───── Supplied information ─────

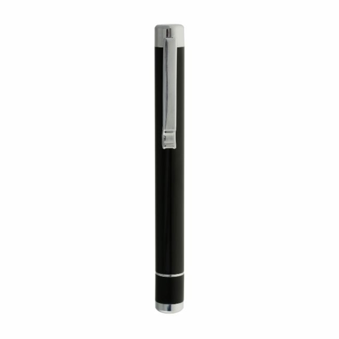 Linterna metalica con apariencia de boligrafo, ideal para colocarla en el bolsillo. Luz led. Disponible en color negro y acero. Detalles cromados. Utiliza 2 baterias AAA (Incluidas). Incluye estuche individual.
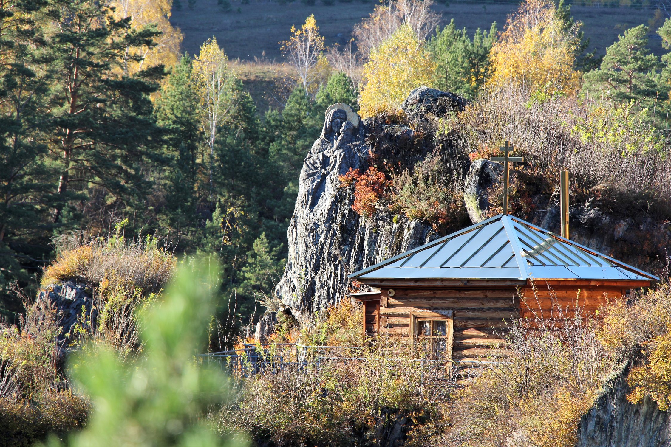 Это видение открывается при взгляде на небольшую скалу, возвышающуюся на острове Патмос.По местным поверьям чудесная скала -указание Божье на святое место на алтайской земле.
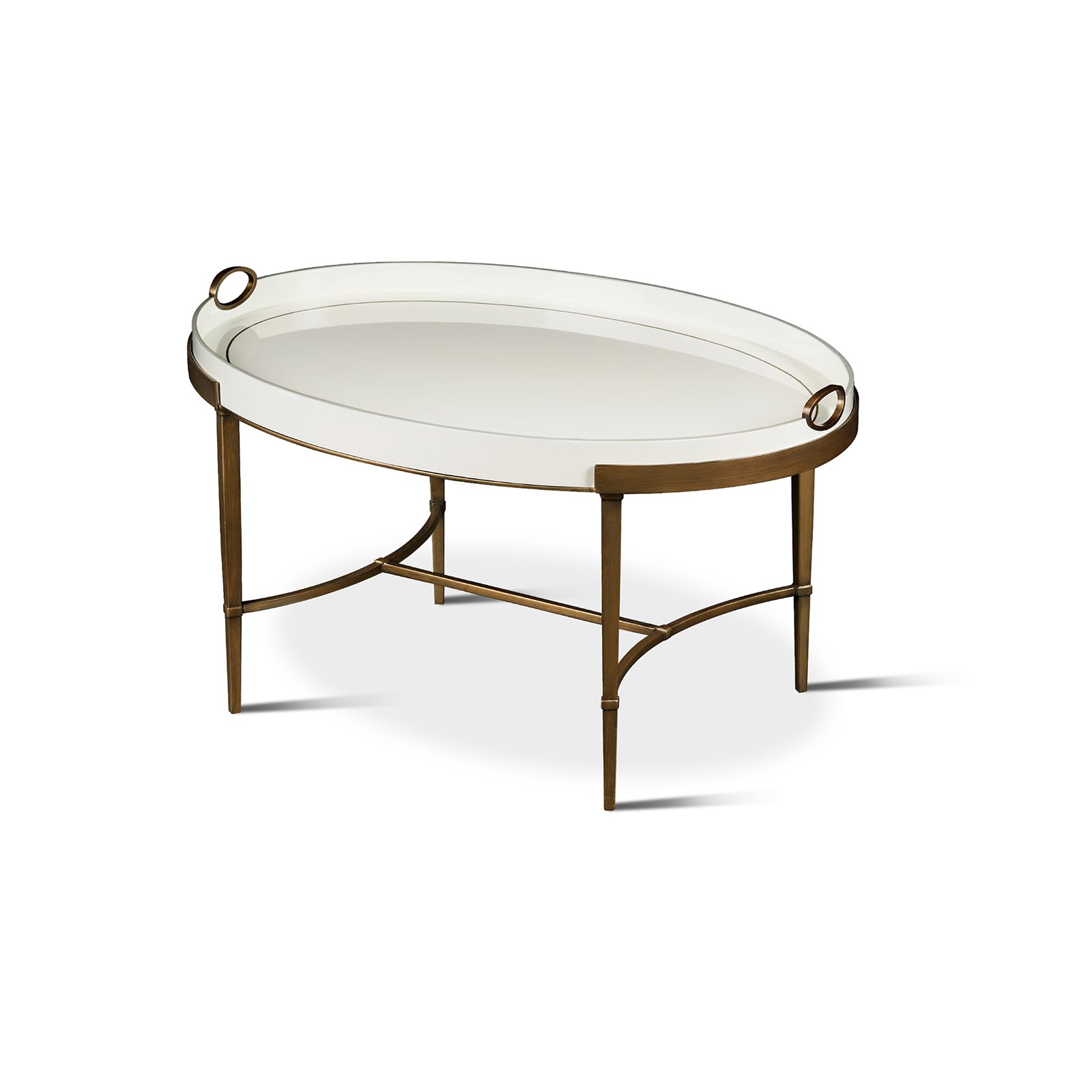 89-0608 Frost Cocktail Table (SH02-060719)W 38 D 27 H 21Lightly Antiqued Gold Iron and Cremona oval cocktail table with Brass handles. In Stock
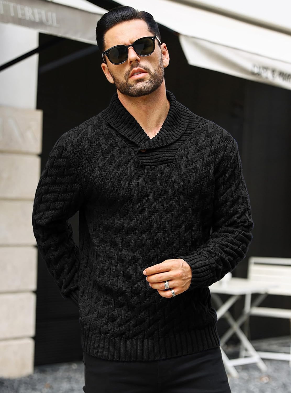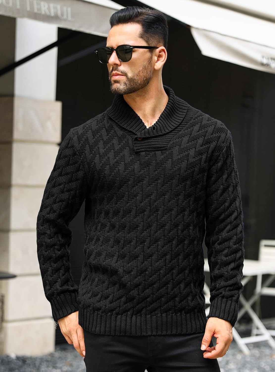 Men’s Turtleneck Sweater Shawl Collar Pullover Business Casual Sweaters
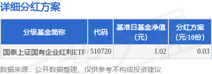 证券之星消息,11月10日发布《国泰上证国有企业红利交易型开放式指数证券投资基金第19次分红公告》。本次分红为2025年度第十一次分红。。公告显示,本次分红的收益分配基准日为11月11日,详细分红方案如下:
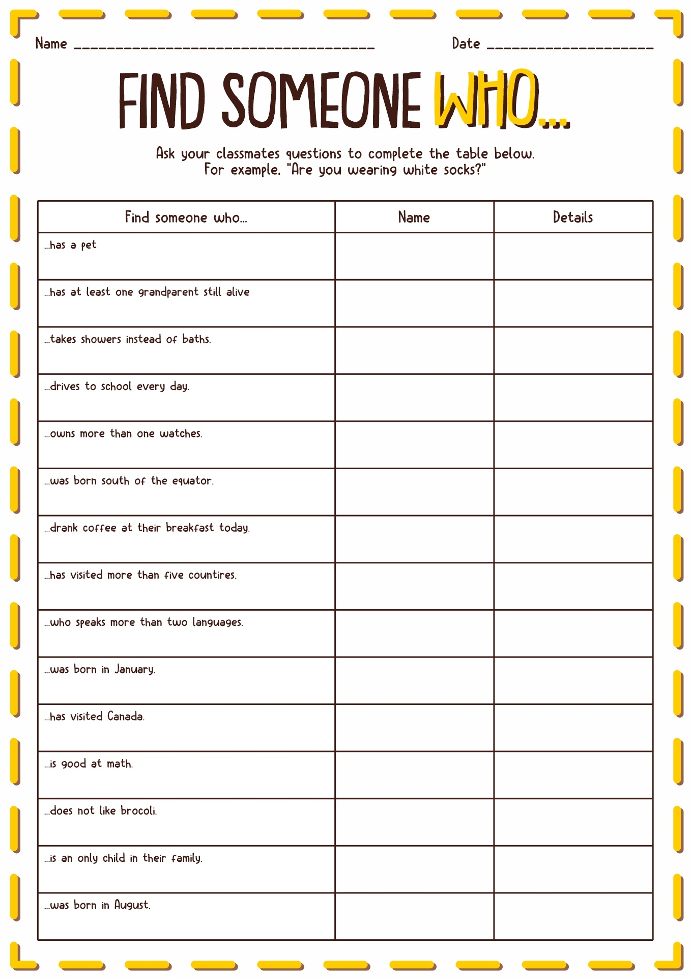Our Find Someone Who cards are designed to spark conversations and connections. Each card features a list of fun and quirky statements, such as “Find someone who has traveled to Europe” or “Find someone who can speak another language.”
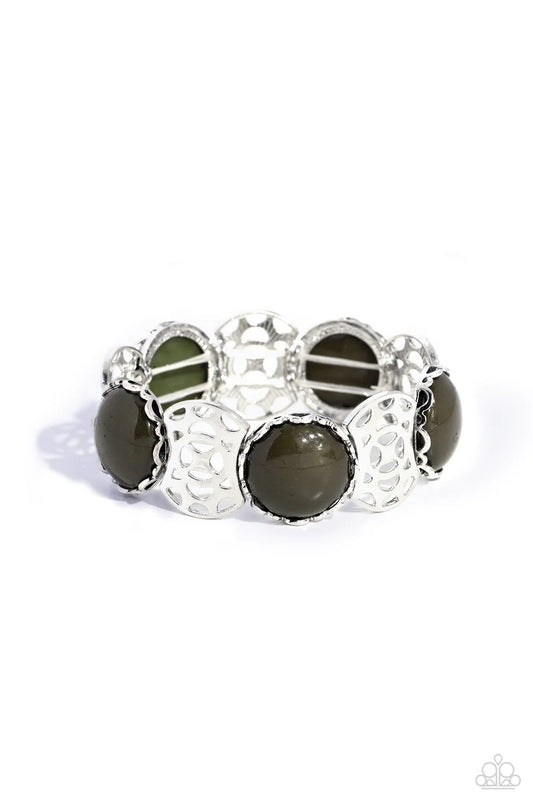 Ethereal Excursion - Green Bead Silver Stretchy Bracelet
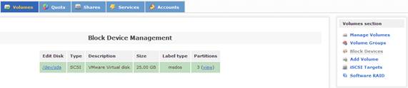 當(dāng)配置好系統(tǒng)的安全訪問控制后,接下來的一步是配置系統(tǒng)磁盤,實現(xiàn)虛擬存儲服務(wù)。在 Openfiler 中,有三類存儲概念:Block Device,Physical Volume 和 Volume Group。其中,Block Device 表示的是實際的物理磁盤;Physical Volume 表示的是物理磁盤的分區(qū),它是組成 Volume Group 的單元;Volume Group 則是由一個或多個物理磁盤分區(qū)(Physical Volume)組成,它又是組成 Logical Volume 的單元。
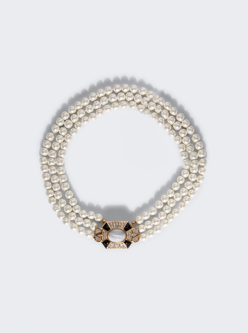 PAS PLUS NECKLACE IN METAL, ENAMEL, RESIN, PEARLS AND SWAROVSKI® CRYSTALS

─────

-- Goal of the exercise --
Go back to the listing above and write out the lines starting at the one with "Ethereal Excursion - Green" and ending at the one with "Logical Volume 的單元。", inclusive, exactly and without pictures.

-- Solution for this task --
 Ethereal Excursion - Green Bead Silver Stretchy Bracelet
 當(dāng)配置好系統(tǒng)的安全訪問控制后,接下來的一步是配置系統(tǒng)磁盤,實現(xiàn)虛擬存儲服務(wù)。在 Openfiler 中,有三類存儲概念:Block Device,Physical Volume 和 Volume Group。其中,Block Device 表示的是實際的物理磁盤;Physical Volume 表示的是物理磁盤的分區(qū),它是組成 Volume Group 的單元;Volume Group 則是由一個或多個物理磁盤分區(qū)(Physical Volume)組成,它又是組成 Logical Volume 的單元。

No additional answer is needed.